Thursday, October 6, 2022
HomeNotes From KathyFarmers and Ranchers Who Talk With Each Other Are More Profitable

Farmers and Ranchers Who Talk With Each Other Are More Profitable

A few years back, the agriculture and food development authority in Ireland analyzed the impact of farmers participating in discussion groups. They learned that members of these groups grossed the equivalent of about $100/acre more than their non-member counterparts.

moneytree1Now, just leaving a comment on a discussion board, or being part of a farmer/rancher group isn’t a get rich scheme. You have to do something with all that information you get. And that’s exactly what seems to be happening when folks discuss. In fact, it turns out farmers who are members of a group are 20% more likely to act on the information gained from interacting with their fellow farmers. That means they try new things that make them more successful.

We like that idea. After all, that’s the only reason we started On Pasture – to help the folks we spend the most time with be a little richer and more sustainable. And that’s why we love seeing comments come in, with folks asking more questions, and others leaving great answers and adding their own experiences. It’s a great way for the On Pasture community to learn and grow.
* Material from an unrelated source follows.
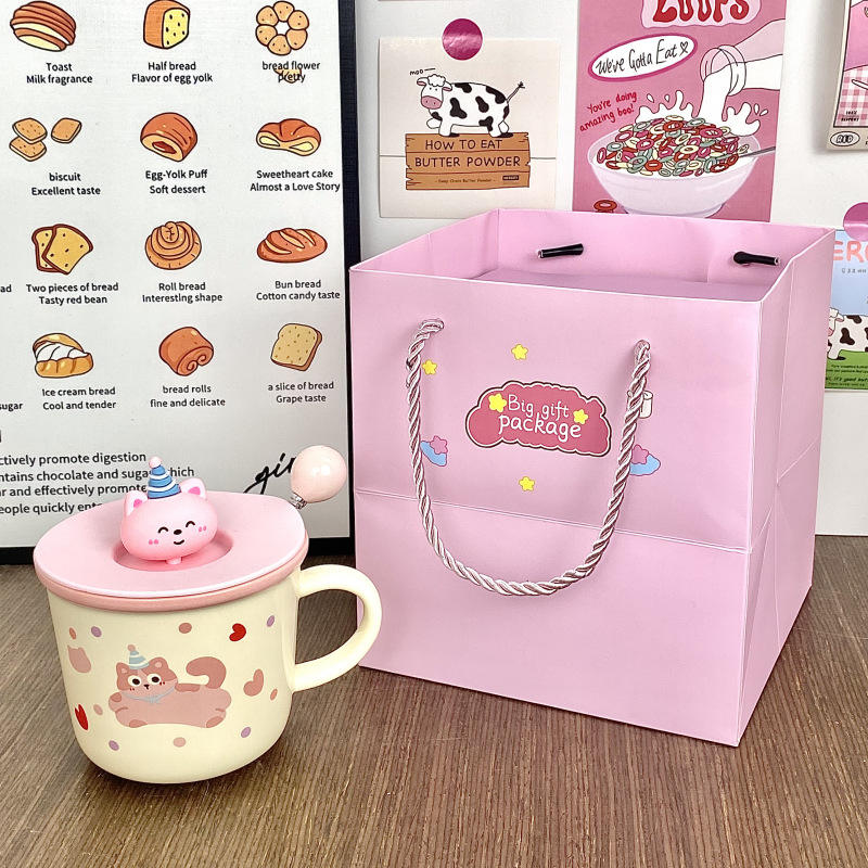 Dragon Nest Cute Puppy Mug 301-400ml With Lid Reusable Ceramic Cup Birthday Gift For Office Use

Your comments are important because they’re what will help you and your fellow farmers absorb and use the information we publish each week.

So don’t be shy. Leave a comment and get richer with all our On Pasture readers!

Kathy

P.S. The only time we don’t publish a comment is if it’s not polite. So if your comment doesn’t appear, and we don’t get in touch saying, “Great thoughts, but can you say it a little more constructively?” it means something’s gone wrong with the software. In that case, let us know. We don’t know what to fix if we don’t know there’s a problem.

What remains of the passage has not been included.